What the task requires: The pictures are to be left out, and all remaining data is to be transcribed exactly as it appears.

Dataset excerpt:
::::::::

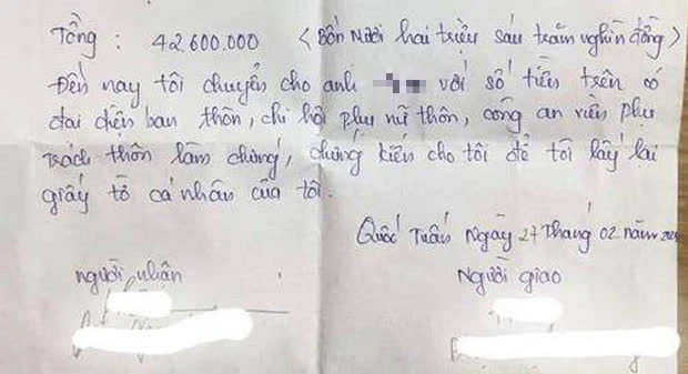 "Lúc trước vợ chồng có mâu thuẫn, chính quyền và đại diện thôn cũng đã có mặt để hòa giải. Hiện tại hai vợ chồng vẫn chưa làm thủ tục ly hôn và đang chung sống với nhau. Về việc lập biên bản bàn giao là chuyện riêng giữa anh H. và chị H. tự thỏa thuận với nhau, chính quyền địa phương không can thiệp. Vì nếu có tranh chấp về tài sản thì hai vợ chồng không thể tiến hành các thủ tục ly hôn được", ông Thắng cho biết thêm.
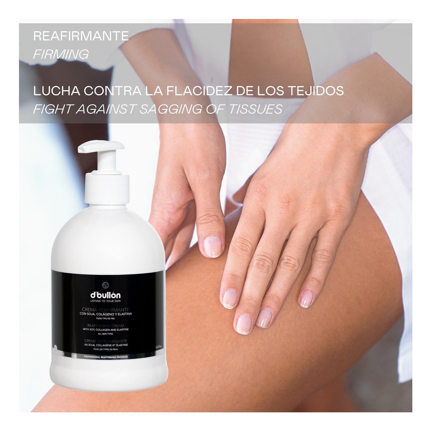 Firming body cream. This body cream firms the contour. Its formulation rich in nutrient products, the restructuring action of collagen and elastin (the main structural proteins of the dermis), and the firming action of Soy extract make the Firming cream provide the skin with natural texture and firmness.
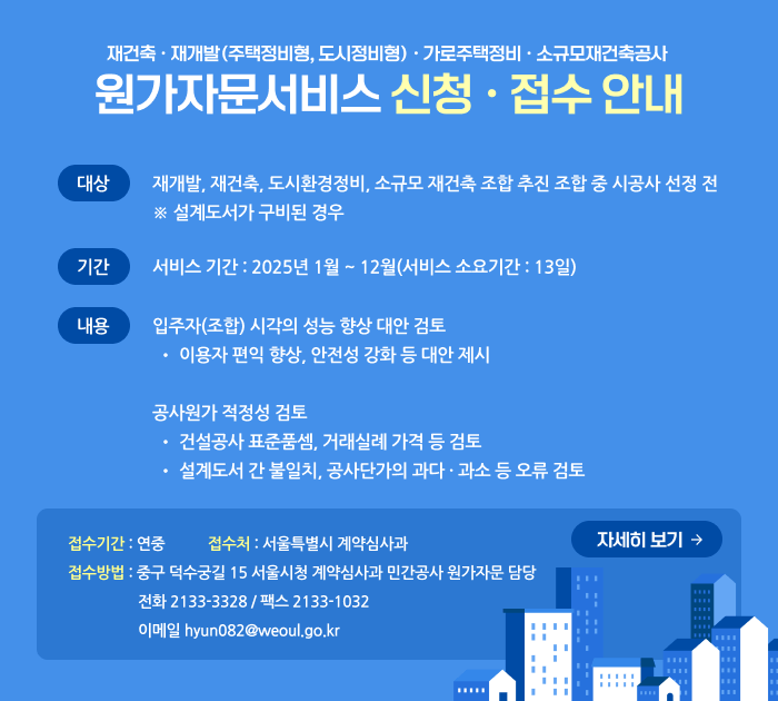 재건축ㆍ재개발(주택정비형, 도시정비형)ㆍ가로주택정비ㆍ소규모재건축공사 원가자문서비스 신청·접수 안내

::::::::

Result for this task:
 "Lúc trước vợ chồng có mâu thuẫn, chính quyền và đại diện thôn cũng đã có mặt để hòa giải. Hiện tại hai vợ chồng vẫn chưa làm thủ tục ly hôn và đang chung sống với nhau. Về việc lập biên bản bàn giao là chuyện riêng giữa anh H. và chị H. tự thỏa thuận với nhau, chính quyền địa phương không can thiệp. Vì nếu có tranh chấp về tài sản thì hai vợ chồng không thể tiến hành các thủ tục ly hôn được", ông Thắng cho biết thêm.
 Firming body cream. This body cream firms the contour. Its formulation rich in nutrient products, the restructuring action of collagen and elastin (the main structural proteins of the dermis), and the firming action of Soy extract make the Firming cream provide the skin with natural texture and firmness.
 재건축ㆍ재개발(주택정비형, 도시정비형)ㆍ가로주택정비ㆍ소규모재건축공사 원가자문서비스 신청·접수 안내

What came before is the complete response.